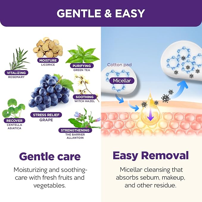 Freshfood For Skin Mild Greape Micellar Cleansing Water (10.1fl.oz, 300ml) - Micellar Cleansing Water for Face/Makeup Remover & Cleanser/Non-Irritating/Korean Skin Care
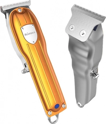 Elegantne kuldne MÄRSKE trimmer täpseks juuste ja habeme hoolduseks. Pakub roostevabast terasest tera, juhtmevaba kasutuse, kiirlaadimise USB kaudu ja 3 kammkinnitust 1–3 mm ideaalselt puhaste joonte ja detailide jaoks.
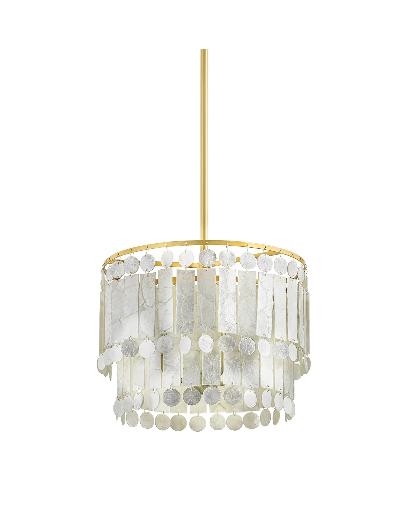Hermosas capas de concha Capiz, en círculos y rectángulos alternados, cuelgan de un marco de latón envejecido para una sofisticada estética costera. Este impresionante diseño, disponible en una lámpara de araña pequeña y grande, es la pieza central perfecta para la actualización de su dormitorio o sala de estar. Forma parte de nuestra colección Megan Molten x Mitzi Tastemakers.
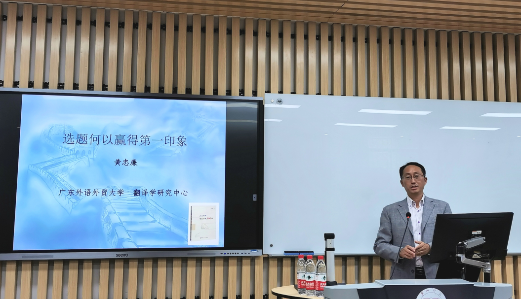 13日上午,黄教授与外国语学院领导进行座谈,就学科发展状况、未来发展目标等展开了深入讨论。13日下午,黄教授首先在怀中楼南栋209举行了题为“翻译呈反比例函数关系?”的学术讲座,外国语学院200多名师生聆听了本次讲座。讲座中黄教授以数学的反比例函数作为切入点,提出从数学的角度来看待翻译,将译文与原文的关系用反比例函数体现出来,并解释这两者存在异曲同工之妙。接着,黄教授面向外语学科教师,以今年通过评审的国社科项目选题为例,逐一讲解选题的特色,并以具体的案例,呈现选题由“原料”到“精品”的锤炼过程,生动形象地阐述“选题何以赢得第一印象”的诀窍。刘祥清院长作了精彩总结。
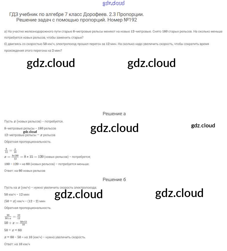 Ответ на задание 192 Учебник Алгебра  за 7 (седьмой) класс Дорофеев, Суворова, Бунимович Академический школьный учебник  2020
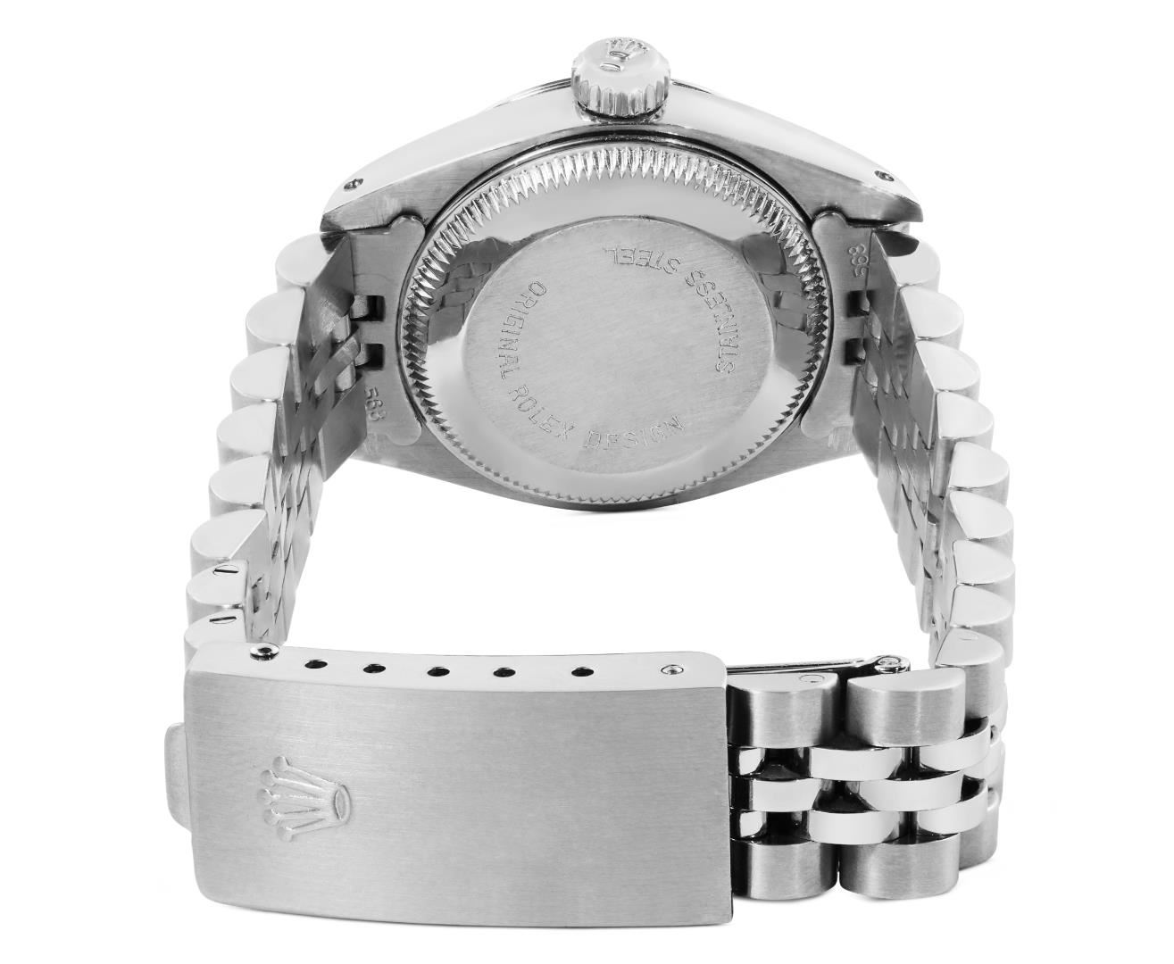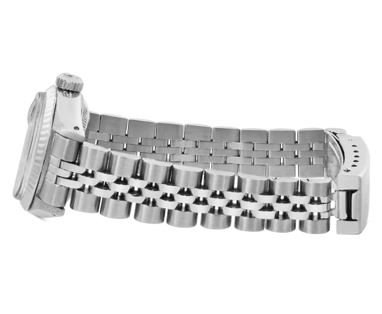 One Rolex Ladies Pre Owned Stainless Steel Date Wristwatch Polished Bright with Satin Finish, Serviced & Electronically Tested, Stainless Steel Case: 26mm, Stainless Steel Crown, 14K White Gold Fluted Bezel, Custom Crystal: New Acrylic With Magnifying Date Window. Custom Hands: New Luminescent Hands. Rolex Movement: Automatic Winding Movement 2035. Rolex Dial: Factory Silver With Index Hour Markers, Dash Tracks, And Lumi Dots. Date Window: 3 O'Clock Position Date Display, Model: Date. Condition: G-6 Extra Fine. Rolex Bracelet: Stainless Steel Jubilee Band. Bright Polish & Satin Finish. 6.0 Inch Length, Adjustable. Standard Clasp, With Rolex Logo. This Watch Has Been Serviced Time Tested And Is In Excellent Condition. It Is Free Of All Scratches And Dents.
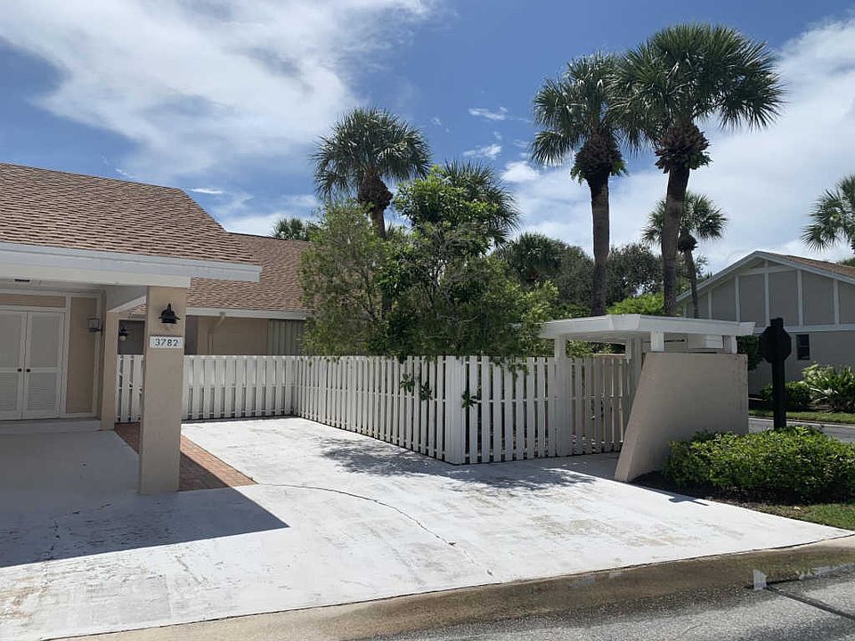 This property is ready to be renovated. Great layout with sliding glass doors to patio or garden area from every room! Vaulted ceiling in living room with clerestory windows creates and open and spacious feel. Living areas and patio face south so the house is bright and cheerful (please note photos were taken with hurricane shutters closed). Full hurricane protection. End unit and nice greasy area beyond patio. Most Cape Pointes on the garden side back up to another Cape Pointe patio. The back of this property faces the side of an adjacent property so it has far more privacy than most. Cape Pointe community green space across the street, and lakefront community pool is a few doors away. Big dogs are welcome in Cape Pointe. Memberships available, but not required.
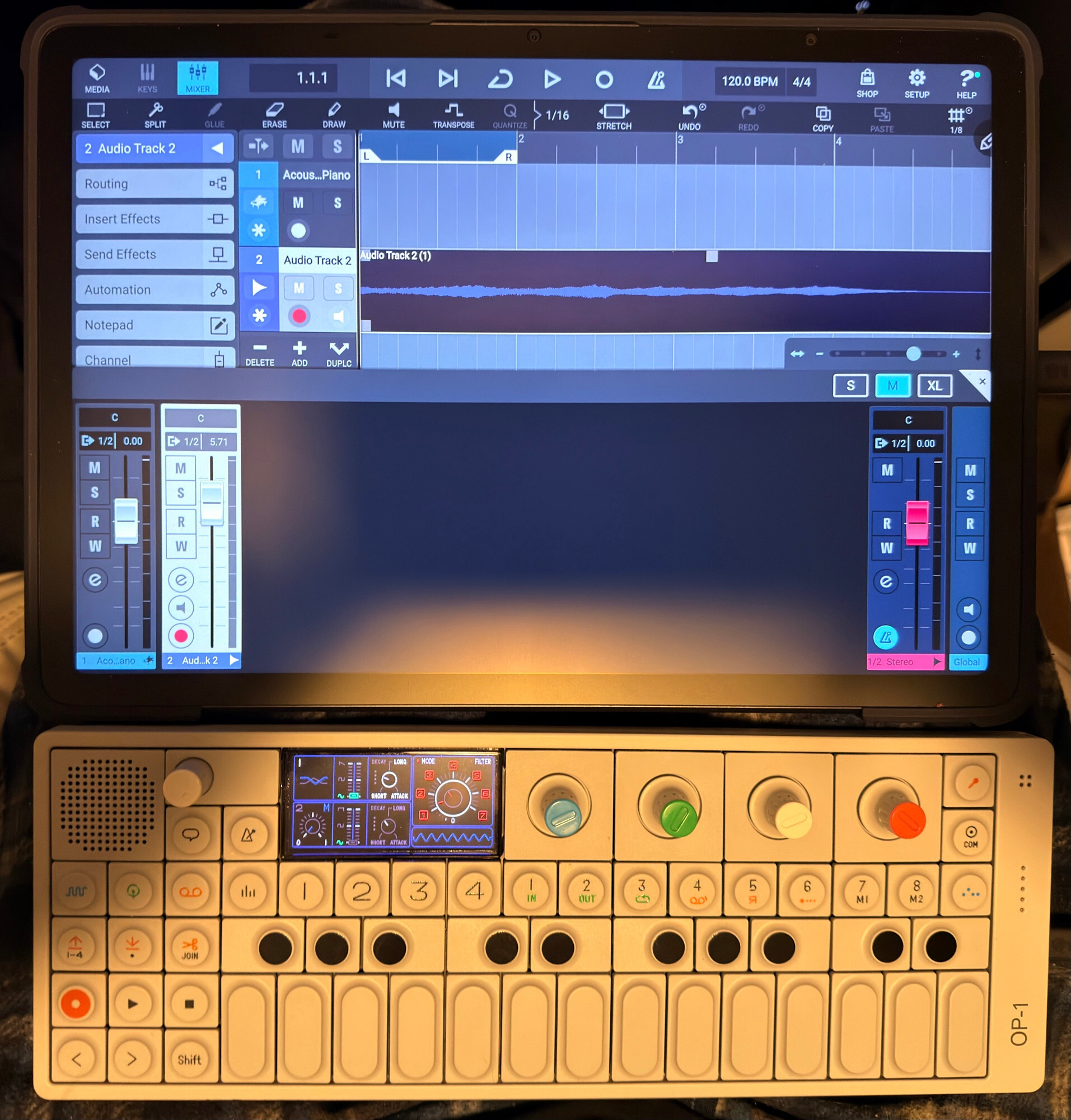 this was a fun discovery: 2021 saw USB audio added to the OP-1, and so all I needed was a USB cable to record into Cubasis 3. Which exports as DAWProject making such things able to be opened in a few DAWs afterward (Bitwig, Studio One, Cubase, and REAPER with a converter program by Jürgen Mossgraßer).
•••••
_Problem to work on_
Return exactly the part of the listing above that opens with the line containing "Ответ на задание" and closes with the line containing "One Rolex Ladies". Pictures stay out.

_Your response_
 Ответ на задание 192 Учебник Алгебра  за 7 (седьмой) класс Дорофеев, Суворова, Бунимович Академический школьный учебник  2020
 One Rolex Ladies Pre Owned Stainless Steel Date Wristwatch Polished Bright with Satin Finish, Serviced & Electronically Tested, Stainless Steel Case: 26mm, Stainless Steel Crown, 14K White Gold Fluted Bezel, Custom Crystal: New Acrylic With Magnifying Date Window. Custom Hands: New Luminescent Hands. Rolex Movement: Automatic Winding Movement 2035. Rolex Dial: Factory Silver With Index Hour Markers, Dash Tracks, And Lumi Dots. Date Window: 3 O'Clock Position Date Display, Model: Date. Condition: G-6 Extra Fine. Rolex Bracelet: Stainless Steel Jubilee Band. Bright Polish & Satin Finish. 6.0 Inch Length, Adjustable. Standard Clasp, With Rolex Logo. This Watch Has Been Serviced Time Tested And Is In Excellent Condition. It Is Free Of All Scratches And Dents.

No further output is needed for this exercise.